Berkswell sheep’s milk cheese, one of Britain’s best known artisan cheeses, is set to disappear from counters following the closure of Ram Hall Dairy, where it has been made for nearly 35 years. Berkswell has been made in the West Midlands by the Fletcher family since 1989, using raw sheep’s milk from their own flock. But owner Stephen Fletcher decided to close earlier this year due to ill health, rising costs and tough trading conditions.
As FFD went to press, a deal was being finalised to sell the flock of 800 sheep to BlackLion Vodka in the Cotswolds, which previously bought whey for distilling from Ram Hall. The drinks company plans to supply King Stone Dairy in Gloucestershire with sheep’s milk, for a new Ossau-Iraty style cheese, and take the whey for its vodka in return.
Fletcher, who is currently selling his cheesemaking equipment, will vacate the farm where his family has lived since 1881 and help set up the milking operation. He told FFD the cheese business was still solvent, but a combination of factors were behind the difficult decision to quit.

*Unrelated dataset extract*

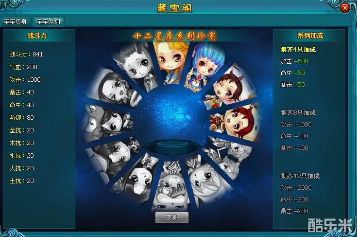 1.收集齐十二星座珍宠可获得大量属性加成: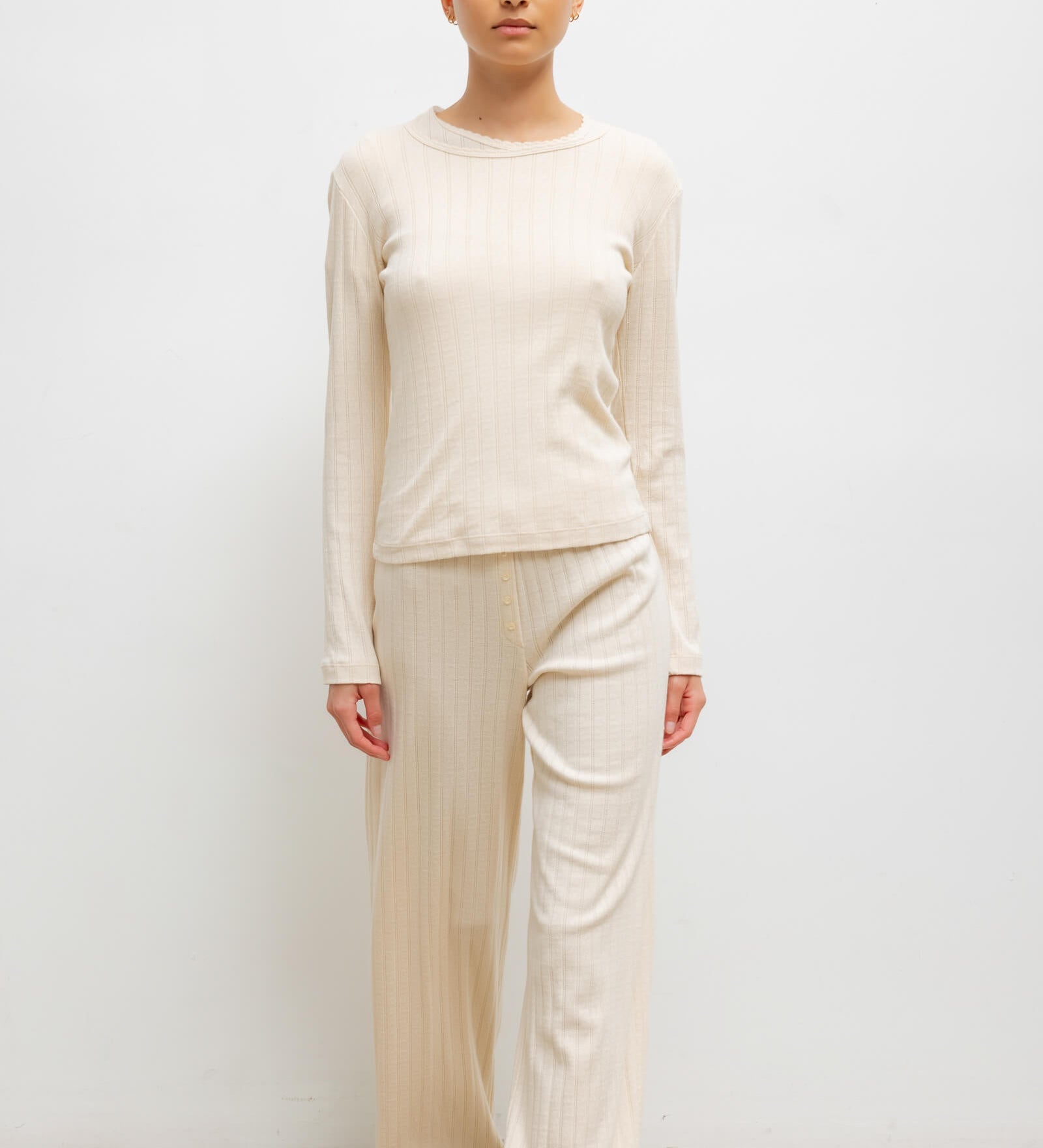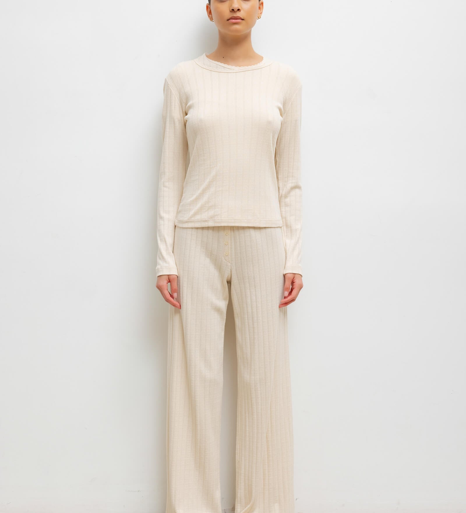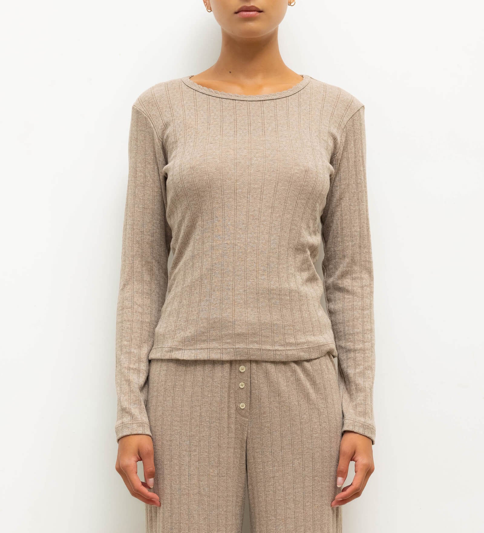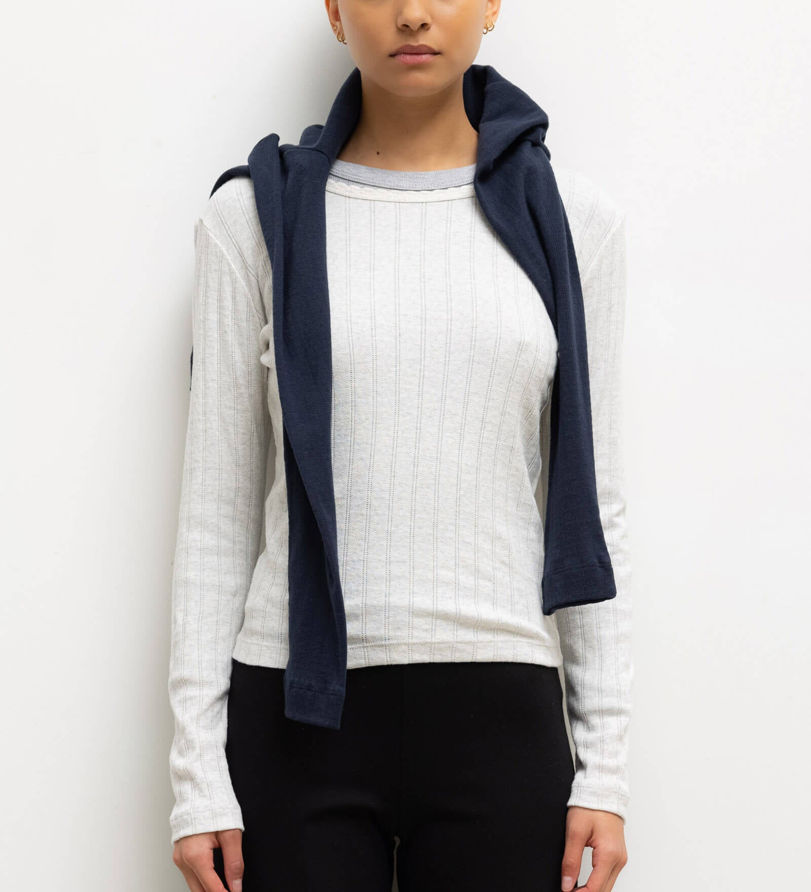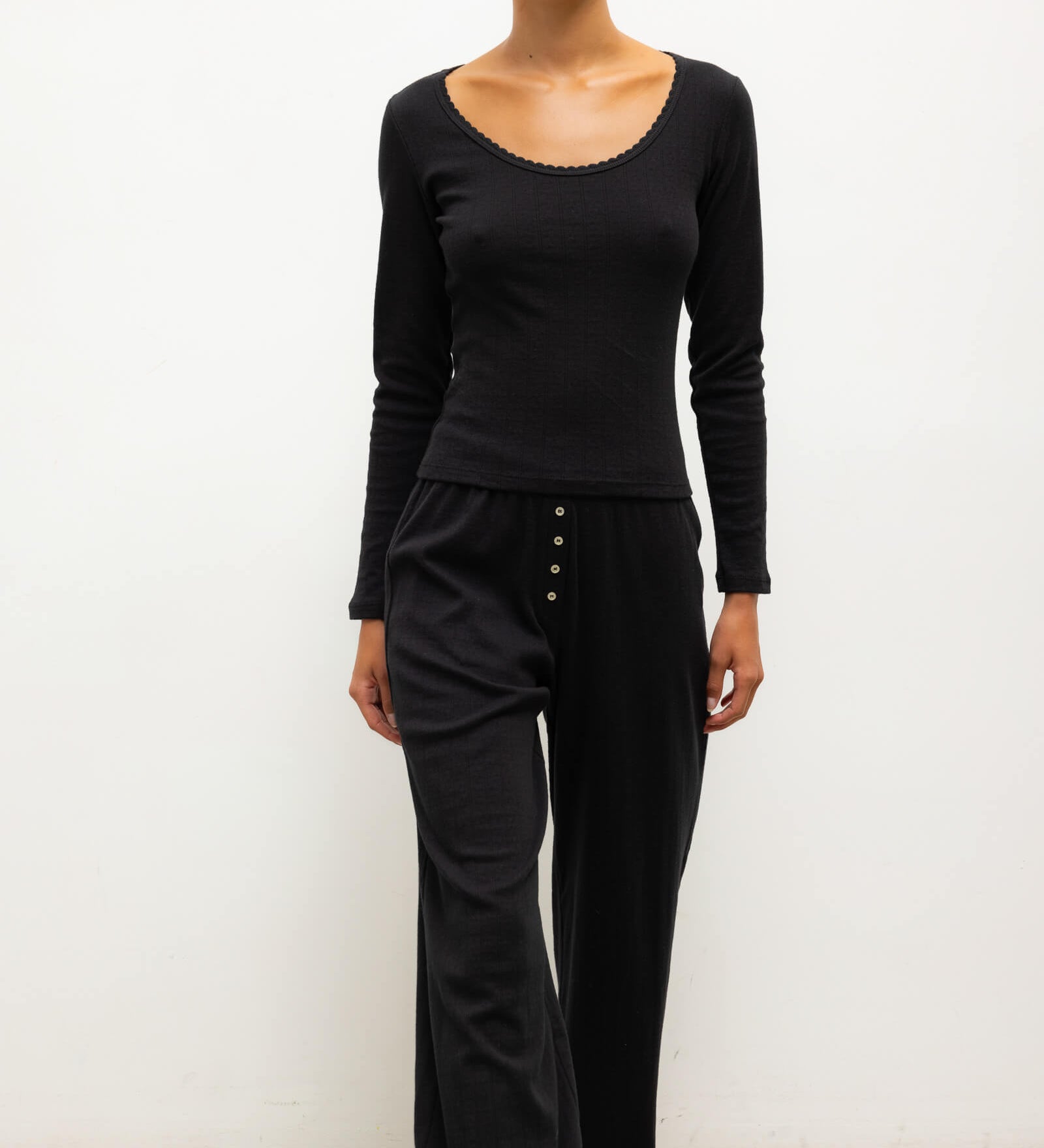 Leset - Pointelle Long Sleeve Scoop Neck

“We’ve taken hit after hit,” he said. “I’ve not enjoyed the best of health, but we first noticed a drop because of the uncertainty caused by Brexit and tariffs imposed by Trump on British cheeses to the US. Then the Pandemic blew big holes in our sales. The last straw was the hike in energy costs. We put our prices up as much as we dared, but it still wasn’t enough.”
Fletcher set up the business with his mother and father – initially his mother made cheese in plastic buckets meant for home brewing. The hard cheese, which got its flying saucer shape from being moulded in two colanders, was a favourite of Michelin-starred chefs and was exported around the world by Neal’s Yard Dairy.
It won numerous awards, including Supreme Champion at the Artisan Cheese Awards and the The James Aldridge Memorial Trophy.
“We’ve had tremendous satisfaction, pleasure and fulfilment from being farmers and cheesemakers,” said Fletcher. “It’s been a privilege to be part of the British artisan cheese revival. There’s obviously huge sadness, but there is also a sense of relief. It had become so stressful that the pleasure had gone and it had become a slog.”
This article first appeared in the October-November 2023 edition of Fine Food Digest.